Helge Lund, Chair of BP, is planning to step down from his role by 2026, as activist hedge fund Elliott Management intensifies pressure on the UK energy major for deeper structural and strategic change, according to a report by Reuters.
BP confirmed on Friday that it has initiated a formal process to identify Lund’s successor, setting the stage for a leadership transition that could further reshape the company’s direction. The move comes as Elliott, which has amassed a near-5% stake in BP, pushes for more aggressive measures to enhance shareholder returns.
Lund, who has chaired the board since 2019, was a key proponent of BP’s 2020 pivot under former CEO Bernard Looney toward a lower-carbon future. That strategy included a pledge to reduce hydrocarbon production by 40% by 2030. However, BP’s shares have significantly lagged behind industry peers including Shell and ExxonMobil, drawing scrutiny from shareholders and activists alike.

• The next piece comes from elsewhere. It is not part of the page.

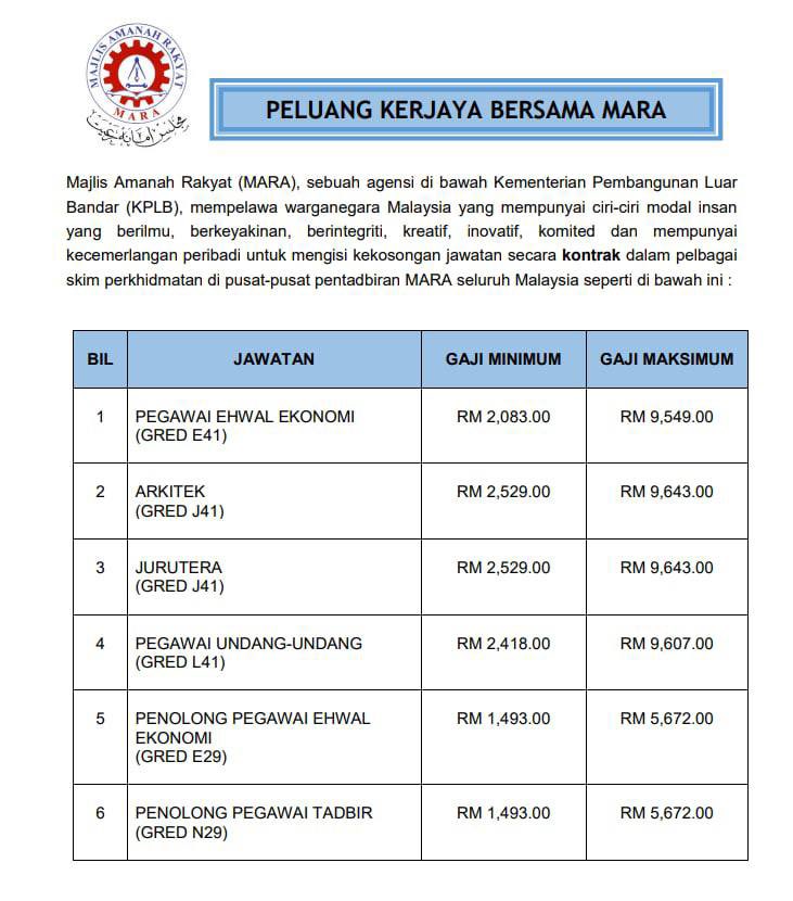 Iklan Kekosongan Jawatan Mara Pelbagai Skim Jobcari Com Jawatan Kosong Terkini

Elliott’s campaign, first reported earlier this year, calls for BP to sharpen its focus on traditional energy assets and accelerate asset disposals. The activist fund is also said to be advocating for improved capital allocation and operational efficiency.

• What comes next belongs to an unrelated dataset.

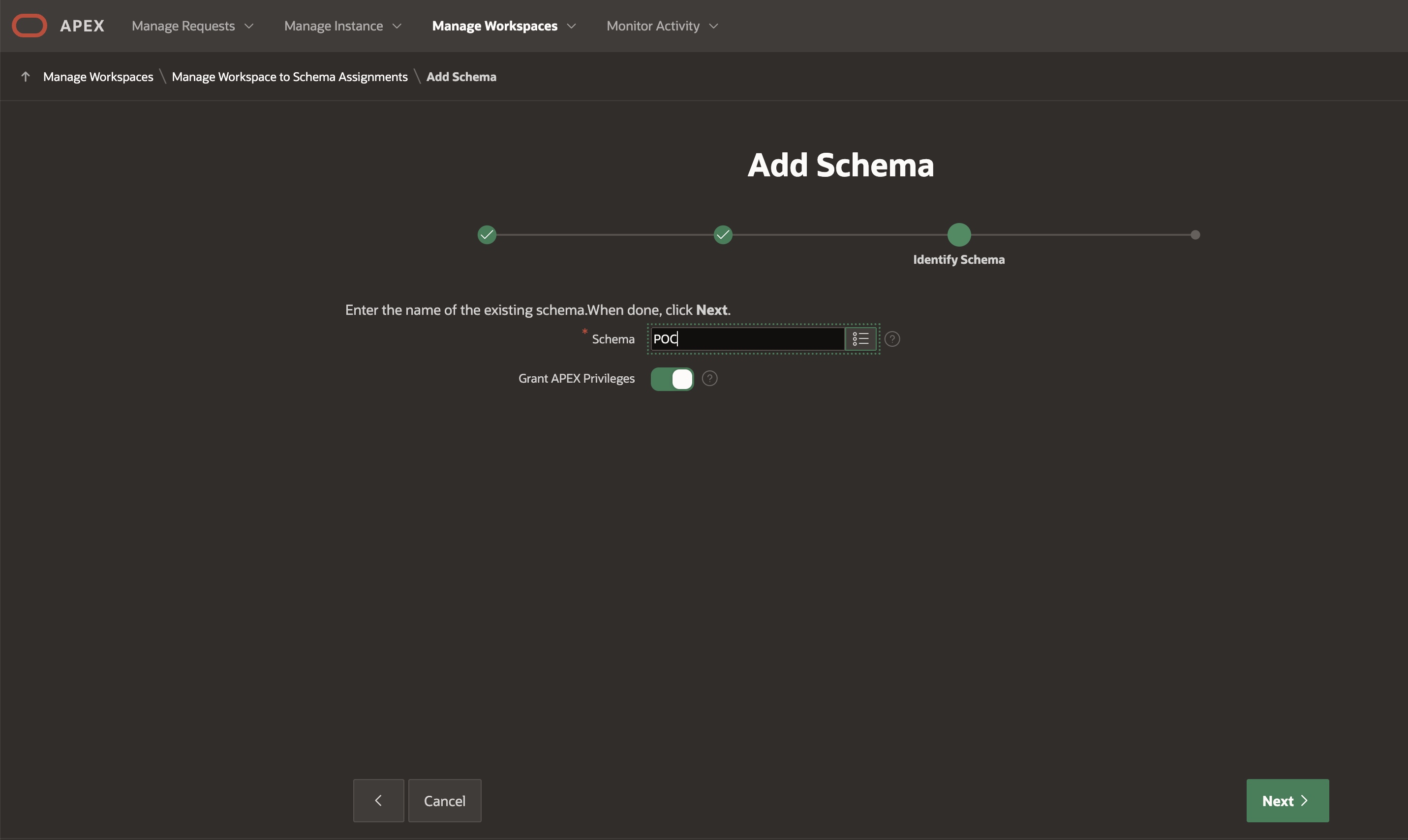 如果想让 APEX 访问业务数据(例如用户 POC),就必须手动给 Workspace 映射 Schema。

The leadership change follows a strategic course correction under current CEO Murray Auchincloss, who took the helm after Looney’s departure in 2023. Auchincloss recently recommitted BP to oil and gas as a core focus—dialling back the company’s earlier green transition goals in favour of near-term performance.

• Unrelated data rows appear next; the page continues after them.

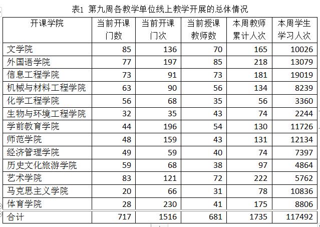 自2月24日以来,我校2020年春季学期线上教学已开展九周。在校党委正确领导和广大师生共同努力下,新学期线上教学工作总体上运行平稳、有序进行。现将第九周的线上教学运行情况总结如下:
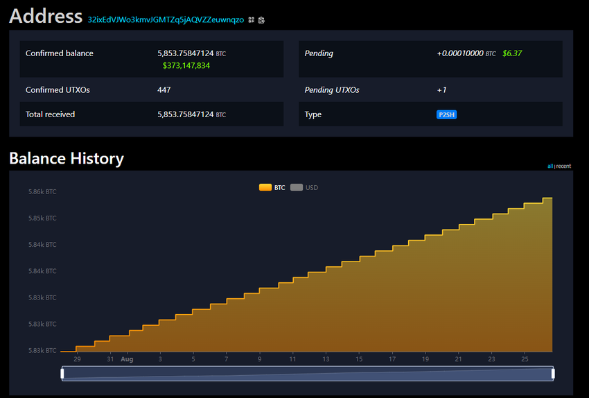 โดยเฉพาะอย่างยิ่ง เอลซัลวาดอร์เป็นหนึ่งในผู้ถือ Bitcoin รายใหญ่ที่สุดในโลก ข้อมูล mempool ของ Bitcoin Office แสดงให้เห็นว่า ณ วันที่ 26 สิงหาคม เอลซัลวาดอร์ถือครองประมาณ 5,853 BTC ที่ราคาตลาดปัจจุบันของ Bitcoin การถือครองนี้มีมูลค่า 373.48 ล้านดอลลาร์
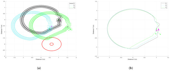 Figure 17b shows the trajectories of the virtual agents computed from the position of the robots and the displacement vectors
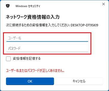 アドバイス「Windows セキュリティ ネットワーク資格情報の入力」と表示されたときは、選択したパソコンに設定されているユーザー名とパスワードを入力し、「OK」ボタンをクリックします。

Lund will stand for re-election at BP’s 17 April AGM, but with mounting pressure from activist shareholders and investors focused on climate strategy, discussions around future board composition have already begun.
The chosen successor will join the board and work alongside Lund before assuming full responsibilities, BP said.
A seasoned energy executive, Lund previously served as CEO of Norway’s Equinor (then Statoil) and later led BG Group through its acquisition by Shell. He also chairs Danish pharmaceutical giant Novo Nordisk.
Elliott Management declined to comment.